Task instructions —
Using the records below, return exactly the lines from the one containing "Closes venous return" through the last, and omit pictures.

[Data extracted from a collection]
########################################

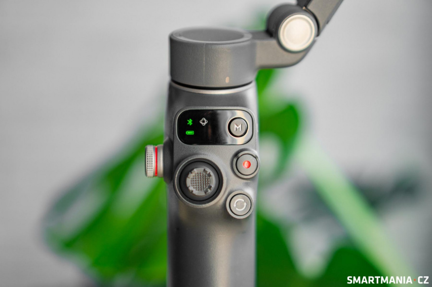 Rád bych zde také shrnul funkce jednotlivých tlačítek. Tím nejdůležitějším je tlačítko M. Jeho zmáčknutím se gimbal ihned zapne, delším přidržením ho vypnete. Jedním klikem měníte režimy sledování vaší ruky, což pěkně vidíte na malém barevném displeji. Zde nechybí ani indikace Bluetooth a stavu baterie.
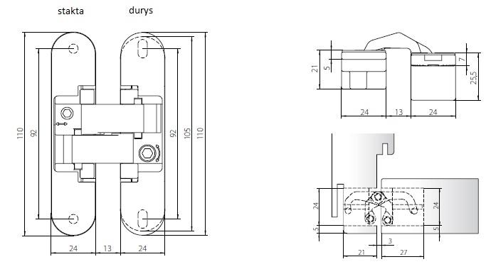 Reguliavimas: vertikaliai +/-2,5mm; horizontaliai +/-1,5mm; į gylį +/-1mm.
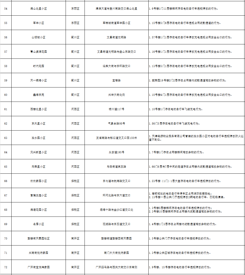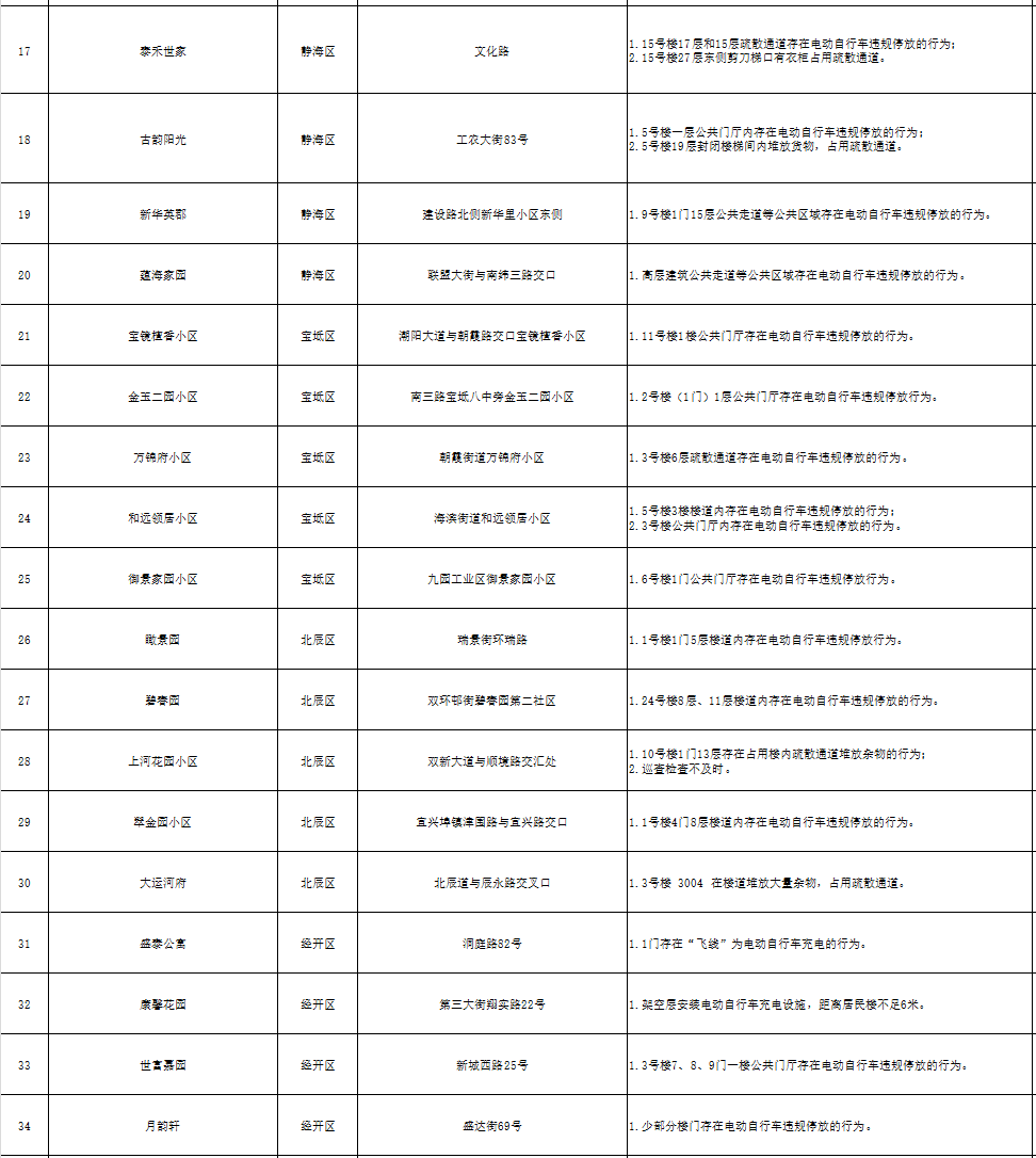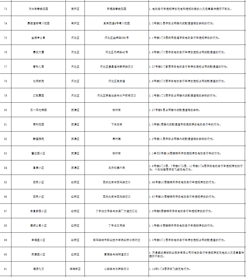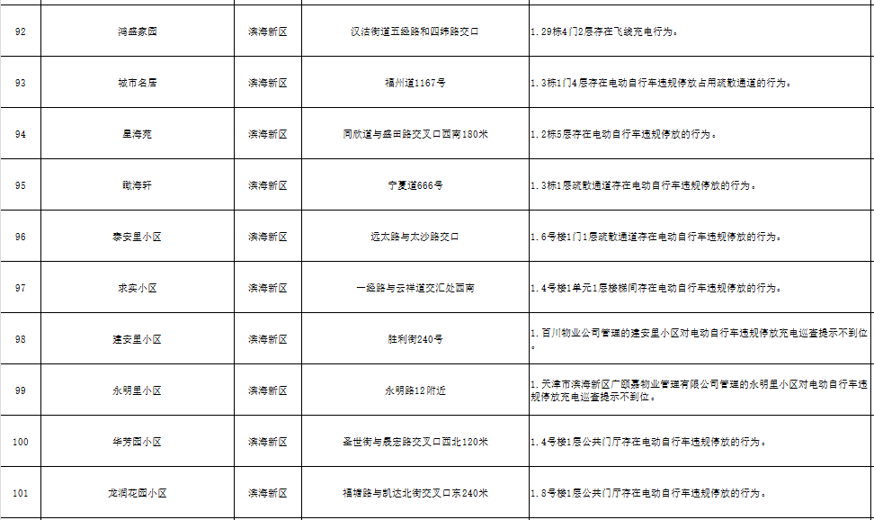 为进一步加强电动自行车安全隐患全链条整治工作,充分发挥媒体和社会舆论监督作用,现曝光101个居民住宅小区消防安全隐患和存在的违法违规行为(2024年6月4日至6月6日),名单如下:
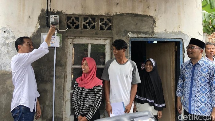 Jokowi bertemu dengan pemilik rumah, menyerahkan sertifikat penyambungan listrik gratis oleh pemerintah. Dia juga menyalakan langsung meteran listrik di rumah yang dia sambangi.
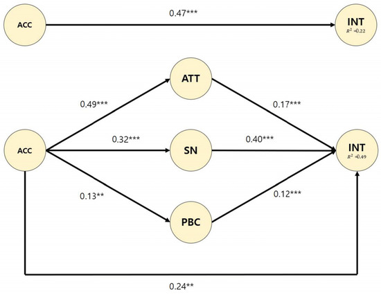 Direct and mediation model with path coefficients. Note 1. Variable labels are as follows: ACC = awareness of climate change, ATT = attitudes, SN = subjective norm, PBC = perceived behavioral control, INT = intention. Note 2. All Statistics represent standardized coefficients for paths. ** p < 0.01, *** p < 0.001.
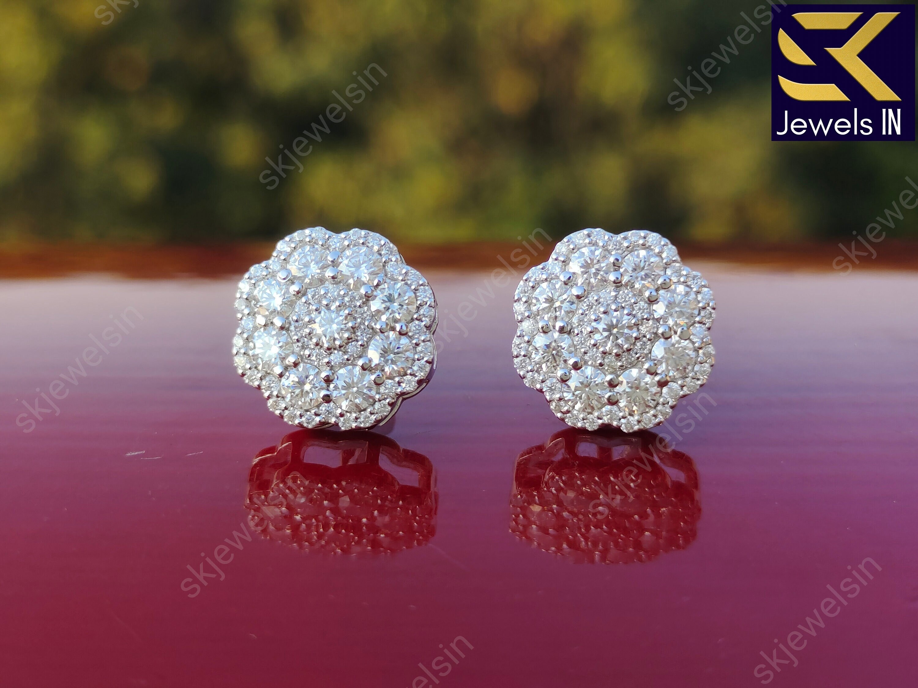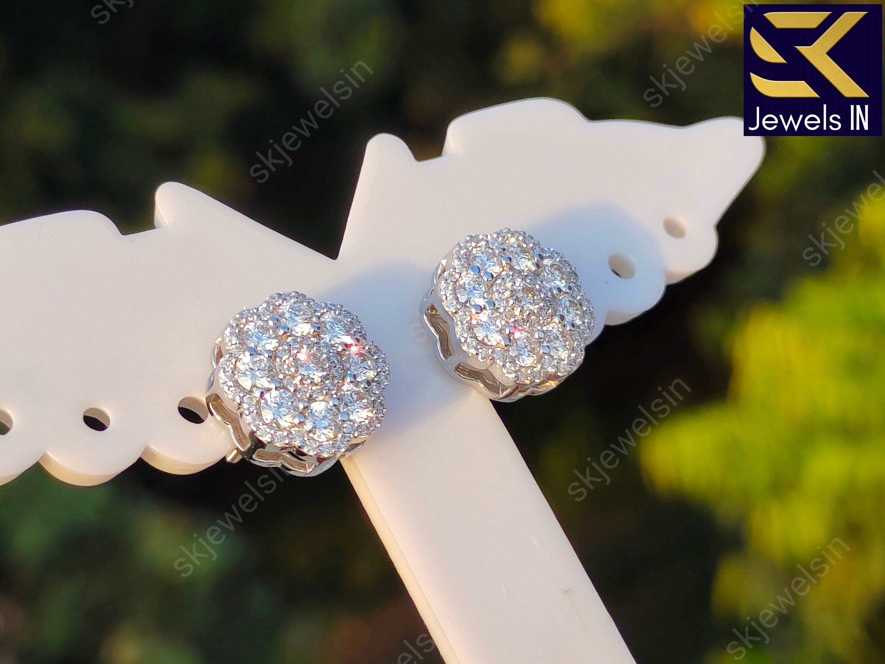 Moissanite Cluster Earrings 10K \ 14K Solid Gold Earrings with Pushbacks, Anniversary Gift, Earrings for Men and Women
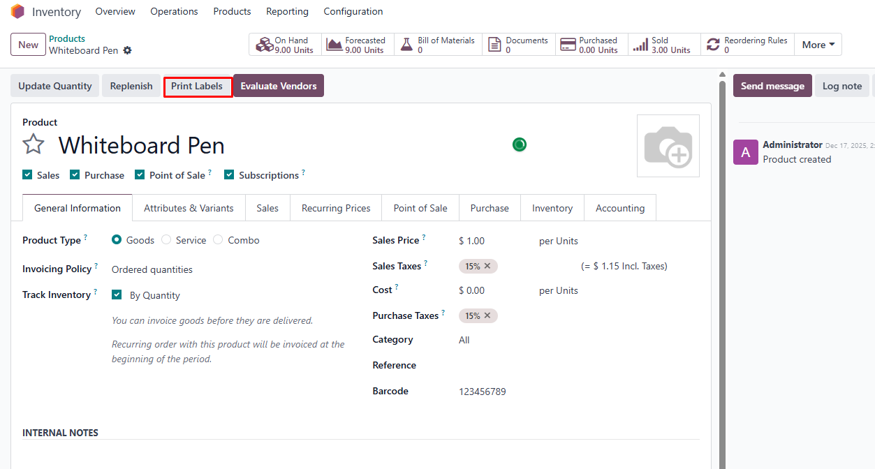 In Odoo 18 Enterprise, the Print Label button allows users to quickly generate and print product labels directly from the product form. These labels are commonly used for barcodes, SKU identification, pricing, making inventory handling faster and more accurate.
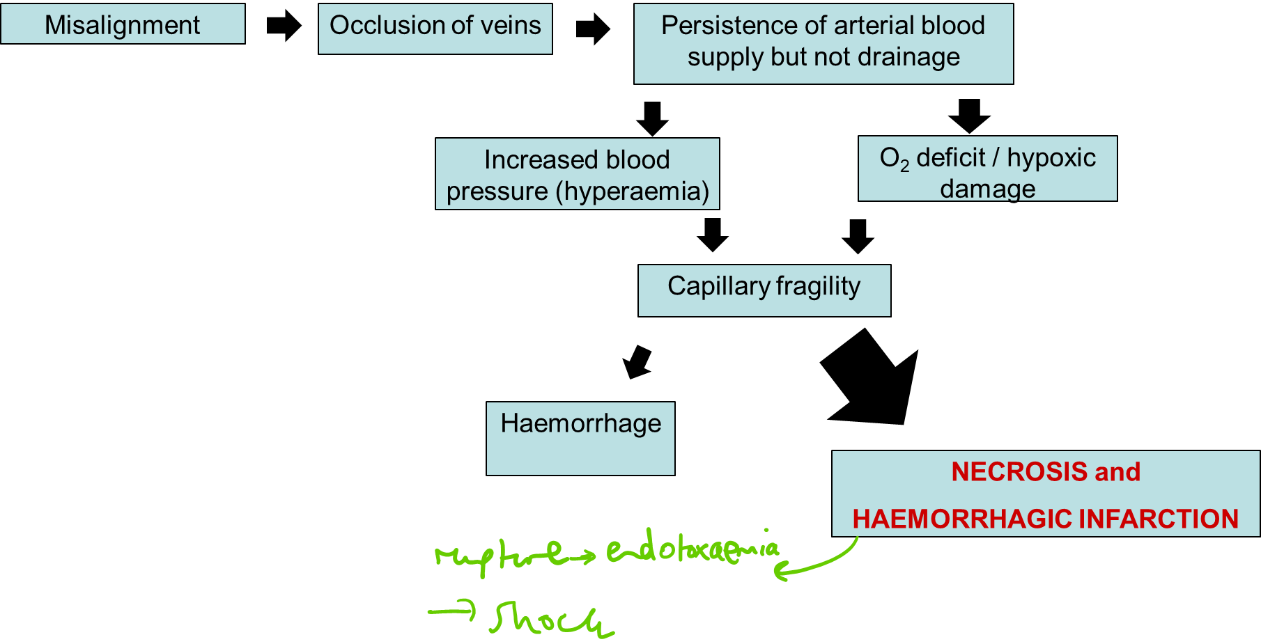 Closes venous return (arterial blood still pumping) → necrotic + devitalosed → ischamia (endotoxins in bloodstream)
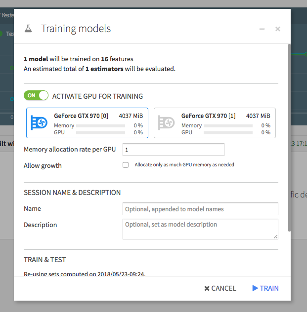 If your DSS instance has access to any GPU resource(s), you can opt to train the model on a selection of these when you click ‘TRAIN’.
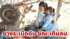 สลด!ยางรถไถ ระเบิดใส่ชาวนา ขณะกำลังเติมลม ดับคาที่

########################################

Response to this task —
 Closes venous return (arterial blood still pumping) → necrotic + devitalosed → ischamia (endotoxins in bloodstream)
 If your DSS instance has access to any GPU resource(s), you can opt to train the model on a selection of these when you click ‘TRAIN’.
 สลด!ยางรถไถ ระเบิดใส่ชาวนา ขณะกำลังเติมลม ดับคาที่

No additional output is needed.